Since the close of the war Colonel Whitehead has been engaged in
farming, in merchandising, in the practice of law, in journalism, and in
public life. In 1865 he was elected to the Virginia legislature by the
district composed of Amherst, Nelson and Buckingham counties. This
legislature never assembled, the election having been set aside by military
authority. In 1866 he was elected commonwealth attorney for
Amherst county, but removed by military orders. Re-elected to this
office in 1869 he served until, in 1872, he was elected to the Forty-Third
Congress from the Sixth Congressional District. At this time he was
editing and publishing the Amherst Enterprise. In June, 1876, he became
editor of the Lynchburg Daily News; in 1880 established and
edited the Lynchburg Daily Advance; in 1885 established Whitehead's
Democrat,
a weekly, at Lynchburg, which paper he removed in 1887 to
Amherst C. H. and discontinued in December, 1888. In December, 1887,
he was elected commissioner of agriculture for the State of Virginia,
and is still serving.

Colonel Whitehead is a member of the M. E. church (South), which he
joined in 1854. He is a Mason, into which Order he was admitted in
1848; in 1849 he joined the Sons of Temperance; in 1885 the Good
Templars. His father was John Whitehead, born in Amherst county in
1787, died in Lynchburg in 1856, a son of Burcher Whitehead who married
Nancy Camden, and who was a son of John Whitehead, born in
New Kent county, removed to Amherst county before the Revolution.

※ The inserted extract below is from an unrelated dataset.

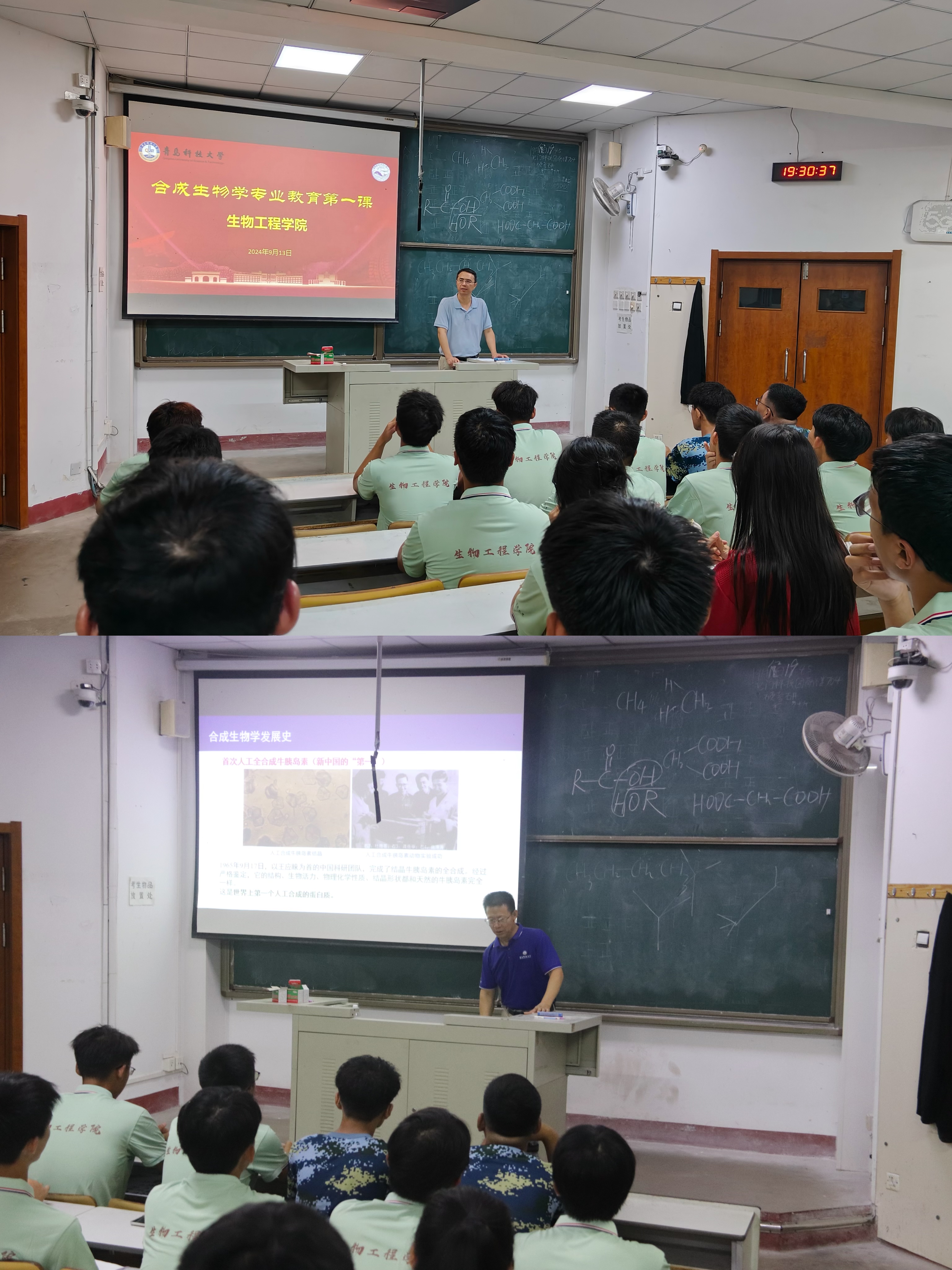 合成生物学专业张恒老师和李俊峰老师对合成生物学专业进行了剖析,介绍其发展史、应用及其布局与发展,同时也分析了此专业的就业前景。学生反响热烈,对其所学专业有了进一步的了解。致病微生物核酸快检团队李勇老师展示科研成果,对重点技术公关及当前科研进展也均有所涉及。陈进和范耀方老师讲解团队在生物医药方面的研究方向及成果,同时讲述了其团队在往期赛事所取得的成就,并在分享的最后,表达对新生到来的欢迎与期待。

The mother of Colonel Whitehead was Anna, daughter of Dennis
Mahony, born in Philadelphia, brought to Virginia in childhood. His
first wife, who died in January, 1853, aged twenty years, was Mary K.
Irving. At Amherst C. H., June 14, 1854, he married Martha Henry
Garland of Amherst county. Their children were born in the order
named: John, Millie P., Thos., jr., David G., Mary I., Irving P., Mattie
G., Essie, Nellie G., Robert C.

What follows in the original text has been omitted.